The album is not forged entirely of unknown songs from obscure albums, such as “One Year of Love” and “Is This the World We Created?” Beloved classics “Somebody to Love” and “Crazy Little Thing Called Love” do make appearances, but because they are adjacent tracks, Forever immediately goes back to being a laborious chore to listen to. Certain tracks do bring a familiar aura of zest and zeal to them that make them stand out amongst a sloppy collection of uninspired and subdued lullabies. “Let Me in Your Heart Again” and “Sail Away Sweet Sister” bring a brief reminder of a more dynamic and charismatic Queen, the kind of band that should have been represented on this album.

It appears that on this compilation, the surviving members of the band sought to cultivate this newest compilation around a certain sound, one that broke away from the stereotypical image of Queen as a hard rocking band that threw everything it had into every performance. However, that is the most beloved and incandescent portrait of Queen, one that combines its patented vaudevillian approach to music with hard rock. Incidentally, the more Queen moved away from that sound, beginning with 1980’s The Game, the worse their output became.

However, the remastering effort here is superb, fully accentuating Mercury’s vocal range and breathing new life into his voice. Despite this, the album is left without much of a soul, as it’s filled with impersonal and unknown songs that seek to introduce us to a version of Queen that, quite frankly, isn’t all that exciting. Overall, Forever is an album with no real ambition, and design.

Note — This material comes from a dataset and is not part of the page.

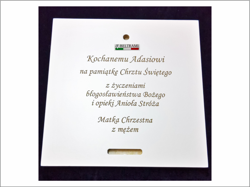 Na srebrnym obrazku możemy wykonać indywidualny grawer dedykacji.

More importantly, it’s one that lacks heart, an irony that contradicts the claim that Forever is an ode to Freddie Mercury, a performer who bore his heart on stage and left nothing behind.

Unlike Led Zeppelin’s Mothership or any of the Kissology sets, Forever isn’t a particularly well organized compilation album, nor does it inspire listeners to go out and explore the band’s full catalogue the way the former two did. At best, the album serves as a microcosm of this overrated/underrated duality that defines Queen. When we examine bands like Led Zeppelin, the Rolling Stones, or even KISS, we look back and marvel over their entire careers. With Queen, there are only certain moments here and there that stick out: “Bohemian Rhapsody”, its performance at Live Aid, and the interspersed moments of spectacular grandeur laden within an otherwise static lattice. The Queen that is easy to fall in love with isn’t the Queen that existed; the Queen that existed is more in line with the Queen that’s portrayed on Forever, a band that is skilled technically, but one that will ultimately leave you wanting much more than what the group delivered.